The Green Party began in Germany in the late 1970s, electing its first member to the German Parliament in 1983. The party got on the 1992 ballot, with several Arizona Green members running for state and county positions. The party did not have a presidential candidate that year.

Nader has written and co-written more than 10 books that include environmental issues, corporate businesses and the auto industry.

He is known for authoring "Unsafe At Any Speed," a book that discussed the danger of American automobiles in the 1960s.

The Green Party needs 15,000 signatures to get on the primary ballot in September, so far it has around 4,000 signatures, according to Carolyn Campbell, the co-chair of the Pima County's Green Party.

The Green Party will decide its candidate at its national nomination convention in Colorado at the beginning of June.

Avery Kolers, a philosophy graduate student and Green Party supporter, said he strongly agreed with Nader.
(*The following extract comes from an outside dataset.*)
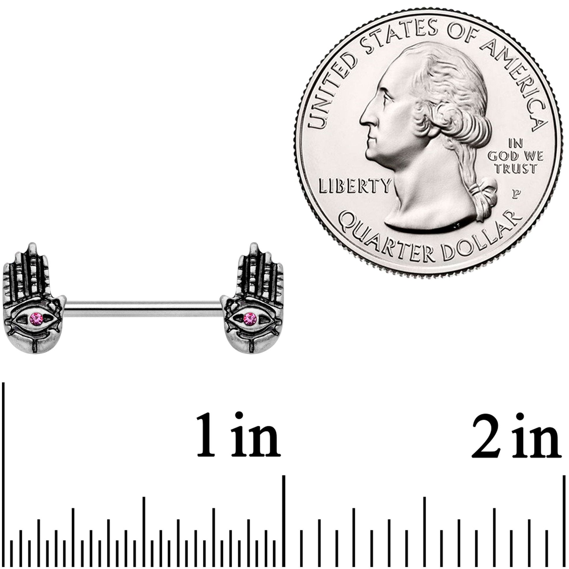 14G 9/16 Pink Gem Hamsa Hand Barbell Nipple Ring Set

He said he concurred with Nader's thoughts on not following the terms used by those in power. Kolers said powerful people sometimes use the "globalization," and say it is inevitable.

"That's just ideological mumbo-jumbo," Kolers said.

"I really like that he's not only talking about the issues, but the way we understand them," he added. "My biggest hope of his candidacy is people of the system feel threatened."